Essa visão poética se traduz numa estética contemplativa, que evita o melodrama e aposta na sugestão. Por isso, alguns críticos ocidentais, como no Le Monde, consideraram Norah “mais simbólico do que explosivo”, um filme que “prefere a contenção à denúncia”. Ainda assim, a força do gesto está justamente no silêncio: em um país que historicamente puniu a expressão artística, filmar o desejo de pintar já é um ato revolucionário.

Alzaidi não pretende fazer um filme panfletário. Ele mesmo afirma, “Este não é um filme com uma única mensagem, a arte é subjetiva.
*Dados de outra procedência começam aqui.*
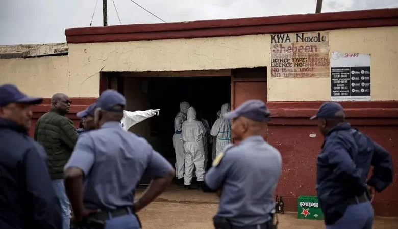 Police launched a manhunt for the 12 unidentified gunmen who had opened fire at patrons at around 01:00 local time Saturday in the Bekkersdal establishment, near Johannesburg.
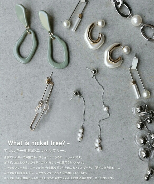 ニッケルフリーとはニッケルという金属などで引き起こるアレルギーを「防ぐことを目的」にニッケルをほぼ含まずにニッケルフリーメッキを使用しているもの。
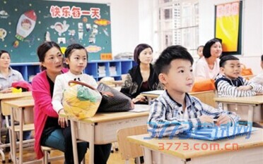 图片说明:昨天,在黄浦区外滩街道的一所小学报名点,报名入学的孩子和家长在教室里等候登记面试。
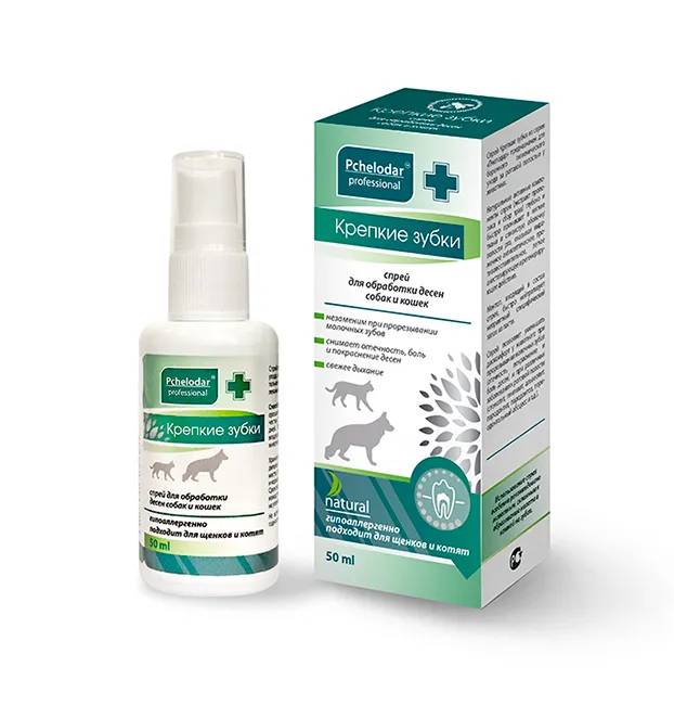 Спрей Крепкие зубки предназначен для бережного гигиенического ухода за ротовой полостью у животных. Натуральные активные компоненты средства Крепкие зубки глубоко и быстро проникают в мягкие ткани и слизистую оболочку полости рта животного, оказывая выраженное противовоспалительное, антисептическое, легкое анестезирующее и регенерирующее действие. Содержание натурального экстракта прополиса и сбора рав позволяет при регулярном использовании препарата Крепкие зубки бережно и эффективно ухаживать за ротовой полостью, профилактировать образование налета и зубного камня. Ментол, входящий в состав, помогает быстро устранить неприятный специфический запаха из пасти животного. Спрей Крепкие зубки высокоэффективен при дискомфорте в ротовой полости (отечность, покраснение и болезненность десен) при прорезывании молочных зубов и при различных заболеваниях полости рта у животных.

Mas, quando as novas gerações assistirem a Norah, quero que lembrem de uma coisa: acreditem em si mesmas. Se vocês têm uma voz, nunca parem de lutar por ela.”

Foto Pandora Filmes/Divulgação

A frase sintetiza o espírito de O Retrato de Norah: não se trata apenas de libertar uma personagem, mas de libertar um olhar, o de quem filma, o de quem é filmado, o de quem assiste.

Ao mesmo tempo, o filme dialoga com o momento histórico da Arábia Saudita, que vive uma transição entre conservadorismo e modernização cultural. Alzaidi reconhece o peso desse contexto, “A arte foi silenciada por 35 anos em meu país. Agora, temos a chance de recomeçar”.

O Retrato de Norah torna-se, assim, um símbolo dessa reabertura: o cinema saudita se olhando pela primeira vez, tentando entender o próprio rosto.

Com “O Retrato de Norah”, Tawfik Alzaidi transforma o gesto de um retrato em uma alegoria poderosa sobre ver e ser visto. O filme é lento, minimalista e profundamente visual, sustentado por uma fotografia arrebatadora e atuações silenciosas que dizem mais do que palavras. 

Ao se recusar a gritar, Alzaidi faz algo mais corajoso: sussurra. E, nesse sussurro, ecoa a voz de uma geração que aprendeu a criar mesmo quando não podia. “Quando as pessoas assistirem a este filme, quero que sintam o que eu sentia aos nove anos, quando sonhava com arte sem poder fazê-la. Que percebam que a imaginação é, antes de tudo, uma forma de liberdade”.

Entre o deserto e o retrato, entre o silêncio e a cor, Norah é mais do que um filme, é um renascimento.